Yes, it’s set in a big country house (like The Marriage of Figaro) and it has a supernatural twist (like Don Giovanni) but that’s where the similarities end. For starters it has a tiny orchestra – just 13 players – with a heavy bias towards percussion, harp and keyboard instruments. There’s also a cast of just seven. Add to that the fact that two of the lead roles are sung by children and you have an opera that’s unusual, if not unique in the repertoire, not to mention the fact that two of the characters turn out to have died before the opera even begins.

Thankfully, the things that make The Turn of the Screw a challenge – for performers, creative team and audience alike – can also be its real strengths. Happily that’s the case here. This Regent’s Park Theatre and English National Opera joint production is more than up to the challenge. The opera opens with a scene setting prologue. A young governess has been hired to look after two children, Miles and Flora, at a remote country house called Bly. Their uncle, who is also their guardian, hired her on three conditions: never to contact him about the children, not to ask about the history of the house and never to abandon the children.

As Act 1 progresses the governess’s initial worries about taking the position begin to fade, until a letter arrives saying Miles has been expelled from school but giving no reason. She then hears footsteps at night and sees see a strange man in the grounds. When she describes the vision to the housekeeper she discovers the man was Peter Quint, a former servant at the house, who possibly abused Miles and had a relationship with the children’s previous governess Miss Jessel, who subsequently left Bly and died. Shortly after Quint also died in strange circumstances.

The act closes with it becoming clear that the ghosts of both Quint and Miss Jessel are watching the house, and the children, and that they appear to have some hold over Miles and Flora. So far, so ghostly. This could all fall completely flat in the wrong hands, but, sympathetically handled it can be truly chilling. The decision to delay the start time of the opera from 7:30 to 8pm was a stroke of genius. It means that, as the tension rises through the second act and the action becomes increasingly threatening and intimate, fading light pulls the audience’s focus right into what’s happening in (and around) the stage. The effect is perfect and would be incredibly difficult to achieve in a theatre.

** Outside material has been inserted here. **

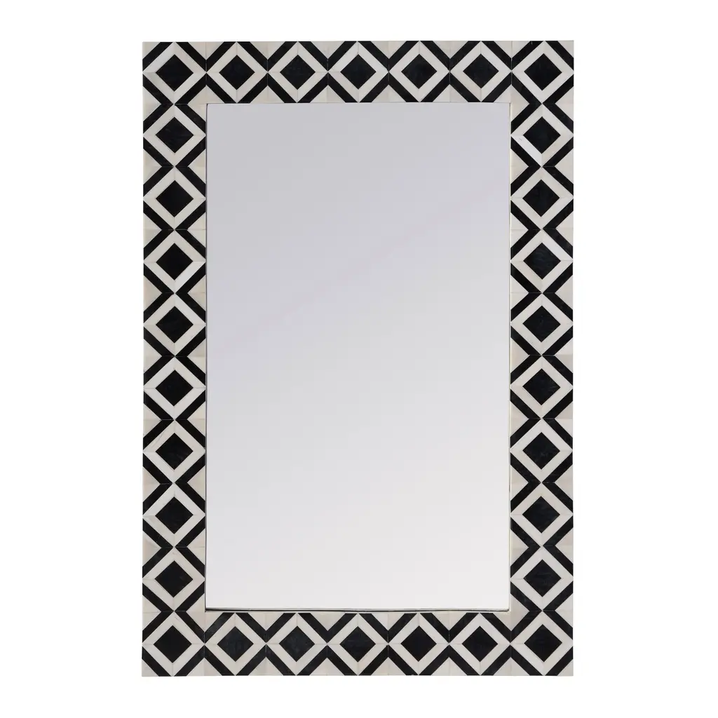 Elevate Your Space with Timeless EleganceTransform your interiors with the captivating beauty of our Cubism-Inspired Wall Mirror—an exquisite fusion of traditional craftsmanship and modern sophistication. Designed to be a statement piece, this mirror seamlessly combines intricate artistry with contemporary style, making it the perfect centerpiece for any home or workspace.Exquisite CraftsmanshipAdorned with mesmerising abstract and cube patterns, this mirror highlights the meticulous artistry of traditional bone inlay. Each detail pays homage to the centuries-old techniques of decorative design, reimagined in a sleek black resin finish. The result is a stunning piece that radiates elegance while retaining its timeless appeal.The Art of CreationHandcrafted with precision and care, every mirror is a true labor of love. It features over 200 individually cut and shaped bone pieces, expertly arranged into intricate patterns. Once assembled, each piece undergoes a careful coloring process, ensuring a flawless finish that enhances its beauty and durability.Crafted in India by Master ArtisansOur mirrors are handcrafted by skilled artisans who specialize in traditional techniques passed down through generations. Their dedication and expertise ensure that each mirror is not just a product but a masterpiece, reflecting India's rich heritage and craftsmanship.A Legacy of ExcellenceAt Artisanal, our mission is to revive and preserve India's rich artistic traditions by blending age-old techniques with contemporary design. For over six years, our team of artisans and designers has worked in-house to create high-quality, timeless pieces. Our mission is to keep these traditions alive, offering products that resonate with elegance, sophistication, and enduring value.Indulge in luxury and bring home the Cube Wall Mirror—a testament to art, culture, and craftsmanship that will be admired for years to come.

The staging plays a huge part in the success of this production. The space is used to its full potential, with Quint and Jessel appearing off-stage in the shadows and coming in through the audience to call to the children as night falls. The cast fully cover their end of the bargain too though. Particular praise has to go to the children, sung by Daniel Alexander Sidhom and Elen Willmer. The drama hinges on their ability to walk the fine line between innocent and knowing, and they handle it admirably.

The Turn of the Screw is so much more than a country house ghost story. It’s about innocence and control, as so many of Britten’s operas are. But it’s also about something much darker – the effect of abuse on children and how shame and secrecy can forge an incredibly strong connection between abuser and abused. It’s an opera that, done right, has the ability to flicker on the fringes of your thoughts for days afterwards. Bravo to Regents Park Theatre and ENO for a brave choice and the ability to turn it into a compelling piece of theatre that takes full advantage of the setting it’s performed in.